En el muy recomendable libro El borracho moderno dan el consejo de emborracharse solo, al menos una vez en la vida. No hacerlo por pena o una situación complejo, nada de eso, hacerlo para compartir un momento especial, para brindar y celebrar la vida. El motivo es muy sencillo, descubrir una parte de nosotros mismos y saber cómo somos en esa circunstancia, ya que, a fin de cuentas, queramos o no somos la persona con la que vamos a pasar toda nuestra existencia. Es mejor saber qué hay y hacerse amigo de uno mismo, o cambiarlo todo para ser alguien nuevo si lo vemos necesario.

Me estoy desviando, vuelvo al tema, a la desconexión de redes sociales, de móviles y del mundo. En contra de lo que la presión social parece empeñada en decir, tenemos derecho a dejar de lado el estar permanentemente en comunicación (algo que debería ser una opción, y no una obligación). No tan solo como un hecho profesional, algo que se está empezando a regular por fin, dado que nadie debería tener que ocuparse de asuntos relacionados con su trabajo una vez su jornada ha llegado a su final.

También tenemos derecho a desconectar de todo, de lo que queramos, de una parte o de nada. Podemos irnos de viaje sin tocar el teléfono para nada más que una emergencia, o quizá buscar dónde está una tienda a la que queremos ir. Lo prometo, lo he hecho, lo hago siempre que estoy de vacaciones (o cuando me apetece) y es maravillosamente reconfortante, es necesario y una vez lo haces sueles volver a ello.

Hace un par de años estuve unos días en Bruselas, coincidiendo con mi cumpleaños, el móvil estuvo en modo avión todo el tiempo y me dediqué a pasear con mi pareja, disfrutar de esa maravillosa ciudad que tanto me gusta, visitar el Centre Belge de la Bande Dessinée, me compré muchos pitufos y devoré gofres salidos del Paraíso. En el aeropuerto de vuelta, mientras esperábamos el avión, encendí el aparato y entonces recibí varios mensajes que me habían mandado en ese tiempo y, aunque pueda sorprender a ciertos lectores, no sucedió nada. Respondí en ese momento y ya está. Sin dramas, sin presiones y sin agobios. ¿Y las redes sociales? Ahí estaban, seguían allí cuando entré en ellas.

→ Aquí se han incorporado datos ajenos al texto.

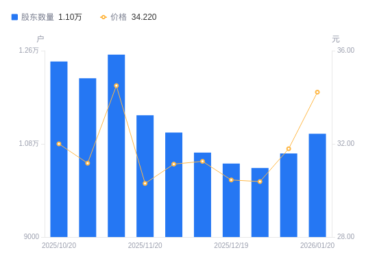 日期A股户数(户)流通A股户均持股数(股)户均持股市值(万元)2026-01-20109952488.098.512026-01-09106162576.928.192025-12-31103352646.988.042025-12-19104182625.908.002025-12-10106312573.288.042025-11-28110182482.907.732025-11-20113512410.067.302025-11-10125232184.517.542025-10-31120662267.257.072025-10-20123912207.787.06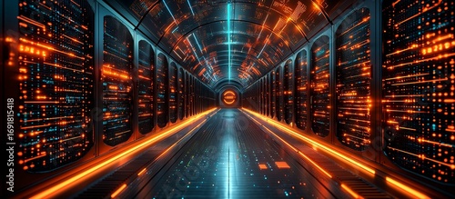 © pakndit, Fototapeta premium A futuristic server room hallway with glowing data displays prominently featured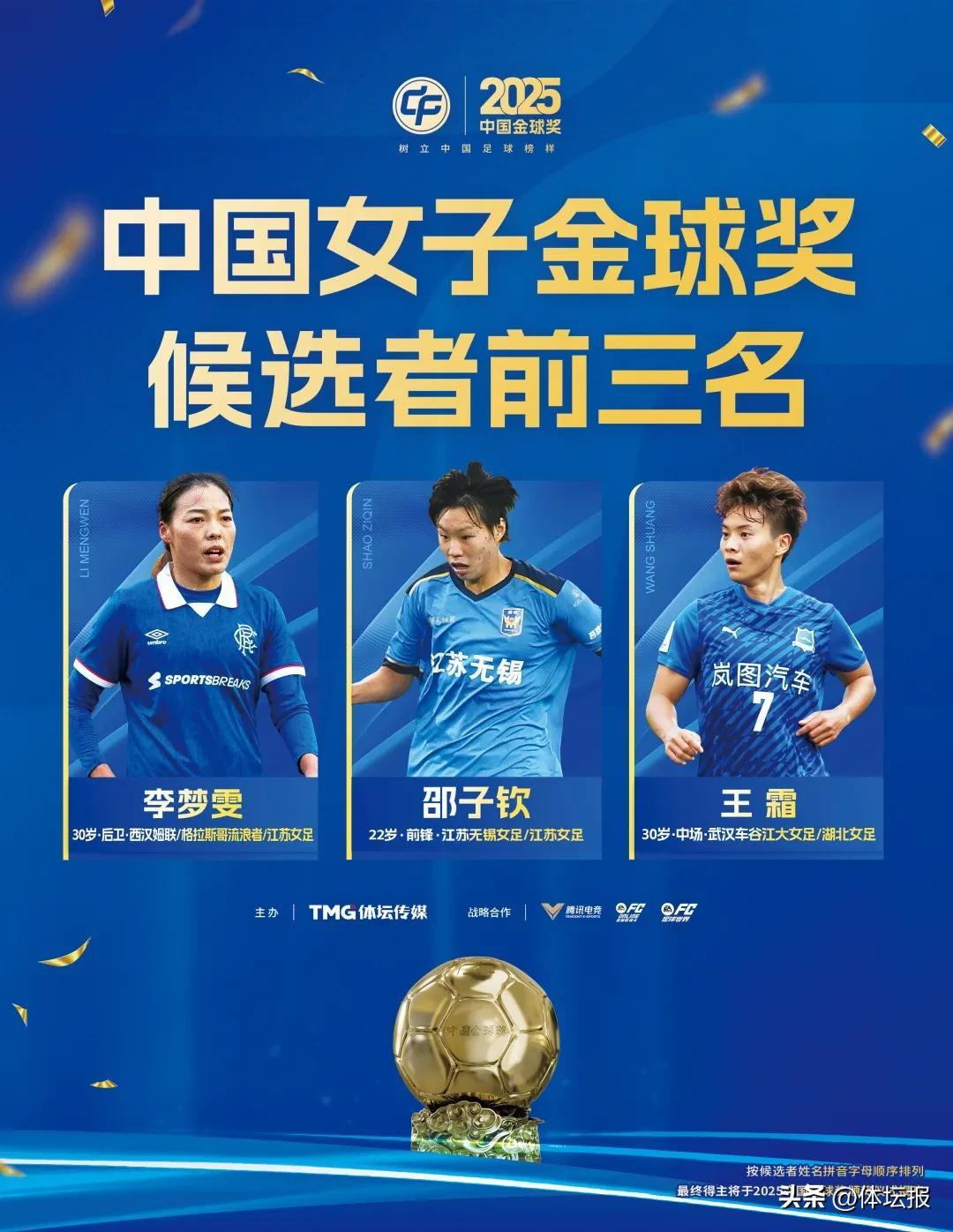 1月22日,2025中國金球獎各獎項候選者前三名揭曉。中國金球獎、中國女子金球獎、中國金帥獎、中國金童獎、中國金手套獎和中國五人制金球獎的評委投票告一段落,各獎項前三名正式出爐:蔣光太、韋世豪和吳曦入圍中國金球獎前三名,李夢雯、邵子欽和王霜將爭奪中國女子金球獎,常衛魏、李金羽和邵佳一躋身中國金帥獎前三名,中國金童獎U21組前三是蒯紀聞、李新翔和王鈺棟,U17組前三爲鄺兆鐳、帥惟浩和魏祥鑫,金手套獎前三名是陳晨、劉殿座、顏駿凌,五人制金球獎前三是劉丹萍、排黑爾·吐達洪與王博。

Posiblemente alguno dirá “¿Y si hay una emergencia o un imprevisto?”, me temo que nadie puede saber cuándo surgirá tal emergencia o imprevisto, y personalmente no veo sentido a planificar mi vida alrededor de tal circunstancia. Prefiero hacerlo según mis necesidades. Al final es todo una cuestión de elección vital, de a qué queremos dedicar el tiempo y con quién queremos pasarlo.

También están los que tienen miedo a “perderse algo importante” y si bien esto depende totalmente de la escala de valores de cada uno, creo que puedo contar con los dedos de una mano las veces que algo de relevancia real me ha llegado a través de Twitter, Instagram u otras de las plataformas que he usado a lo largo de los años. Seamos sinceros, en general la mayoría de las ocasiones son solo una forma de pasar el rato, de no pensar (en ocasiones en exceso) y, esto hay que decirlo, de una cierta adicción de la que se habla demasiado poco.

Tenemos, tengo, tienes, tenéis, derecho a la desconexión. No lo dudéis. Y dicho esto, es precisamente lo que voy a hacer, nos vemos al final del verano. Disfrutad de estas semanas, leed mucho, jugad con vuestros peludos y sentaos bajo un árbol para ver cómo las hojas son mecidas por el viento.